[Frontiers in Bioscience 7, a29-36, February 1, 2002]

[Frontiers in Bioscience 7, a29-36, February 1, 2002]

DEVELOPMENT AND TESTING OF RETROVIRAL VECTORS EXPRESSING MULTIMERIC HAMMERHEAD RIBOZYMES TARGETED AGAINST ALL MAJOR CLADES OF HIV-1

Ali Ramezani, Xue Zhong Ma, Reza Nazari, and Sadhna Joshi

Department of Medical Genetics and Microbiology, Department of Laboratory Medicine and Pathobiology, Faculty of Medicine, University of Toronto, Toronto, Ontario M5S 3E2, Canada

TABLE OF CONTENTS

1. Abstract
2. Introduction
3. Materials and methods: 3.1. Construction of retroviral vectors
3.2. Transduction and selection of stable MT4 transductants
3.3. PCR analysis of genomic DNA from stable MT4 transductants
3.4. RT-PCR analysis of total RNA from stable MT4 transductants
3.5. In vitro cleavage activity of multimeric ribozymes amplified from pools of stable MT4 transductants
3.6. HIV-1 susceptibility of stable MT4 transductants
4. Results: 4.1. MGIN-based retroviral vectors expressing multimeric ribozymes, Rz_1-9, Rz_10-14, or Rz_1-14
4.2. Development of pools of stable MT4 transductants expressing multimeric ribozymes
4.3. In vitro cleavage activity of multimeric ribozymes produced from the stable MT4 transductants
4.4. HIV-1 susceptibility of pools of stable MT4 transductants expressing multimeric ribozymes
5. Discussion
6. Acknowledgements
7. References

1. ABSTRACT

Rz_1-9is a multimeric hammerhead ribozyme targeted against nine highly conserved sites within the env coding region of human immunodeficiency virus type-1 (HIV-1) RNA. This ribozyme was shown to inhibit HIV-1 replication (1, 2).

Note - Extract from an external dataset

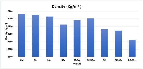 - In a particular volume, the maximum packing density of cement particles is 2252.79 kg/m3. Cement pastes containing 5%, 10%, and 6% BC with 10% SA showed a strong resemblance to the control mix. The filler effect of the SA particles, which has the capacity to raise the overall density of the mixtures, was responsible for this proximity.

However, Rz_1-9 target sites are only conserved within the clade B of HIV-1. In this study, we have designed another multimeric ribozyme, Rz_10-14. This multimeric ribozyme is targeted against five sites that are highly conserved amongst all major clades of HIV-1. A third multimeric ribozyme, Rz_1-14, was obtained by combining both Rz_1-9 and Rz_10-14. A mouse stem cell virus-based MGIN vector (3) was used to express these ribozymes in a human CD4+ T lymphoid cell line. Stable transductants expressed vector RNA containing ribozymes which were shown to be active. In HIV-1 challenge experiments, very little or no virus production could be detected in the pools of stable MT4 transductants expressing Rz_1-14 for 60 days tested. Inhibition of virus replication was most prominent with Rz_1-14, followed by Rz_1-9, and then Rz_10-14. Thus, the combined multimeric ribozyme, Rz_1-14, is more effective than Rz_1-9 or Rz_10-14. As Rz_1-14 is targeted against all major clades of HIV-1, it will be further pursued for use in HIV-1 gene therapy.